16. Un método según la reivindicación 15, en el que la cantidad de extracto de levadura está en el intervalo de 0,1-10 g/l.

17. Un método según cualquiera de las reivindicaciones 1-16, en el que el rendimiento de péptido, polipéptido o proteína heterólogo es al menos 5 mg/l.

18. Un método según la reivindicación 17, en el que el rendimiento de péptido, polipéptido o proteína heterólogo es al menos 100 mg/l.

19. Un método según la reivindicación 18, en el que el rendimiento de péptido, polipéptido o proteína heterólogo es al menos 200 mg/l.

20. El método de la reivindicación 1, que usa un medio basal químicamente definido (medio LM1) para cultivar bacterias, consistiendo el medio en:

21. Uso de un medio como se define en la reivindicación 20, en un procedimiento de cultivo discontinuo alimentado o continuo que usa bacterias de ácido láctico.

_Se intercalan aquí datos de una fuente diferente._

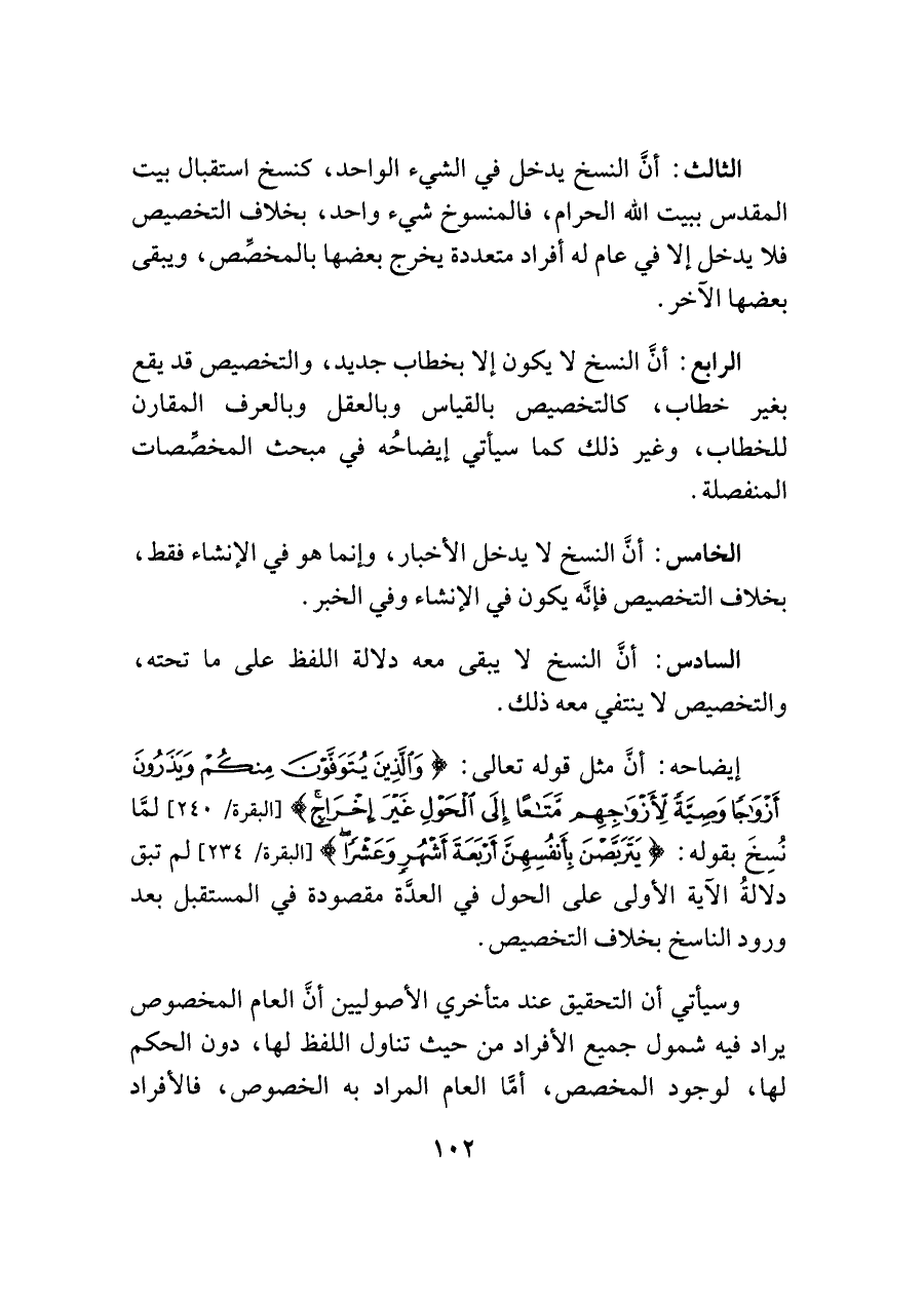 الثالث: أنَّ النسخ يدخل في الشيء الواحد، كنسخ استقبال بيت المقدس ببيت اللَّه الحرام، فالمنسوخ شيء واحد، بخلاف التخصيص فلا يدخل إلا في عام له أفراد متعددة يخرج بعضها بالمخصِّص، ويبقى بعضها الآخر.

22. El método de la reivindicación 1, que usa un medio químicamente definido (medio LM3) para cultivar bacterias, conteniendo dicho medio químicamente definido (medio LM3) todos los componentes del medio de la reivindicación 20 en cantidades de tres veces, excepto los fosfatos y acetato de sodio, cuyas cantidades respectivas se mantienen al mismo nivel que en el medio LM1.

23. El método de la reivindicación 1, que usa un medio químicamente definido (medio LM5) para cultivar bacterias, conteniendo dicho medio químicamente definido (medio LM5) todos los componentes del medio de la reivindicación 20 en cantidades de cinco veces, excepto los fosfatos y acetato de sodio, cuyas cantidades respectivas se mantienen al mismo nivel que en el medio LM1.

24. El método de la reivindicación 1, que usa un medio químicamente definido como se describe en cualquiera de las reivindicaciones 20-23, que contiene adicionalmente glucosa en una cantidad en el intervalo de 1-100 g/l.

25. Un método según la reivindicación 12, en el que el medio químicamente definido es el medio definido en cualquiera de las reivindicaciones 20, 22-24.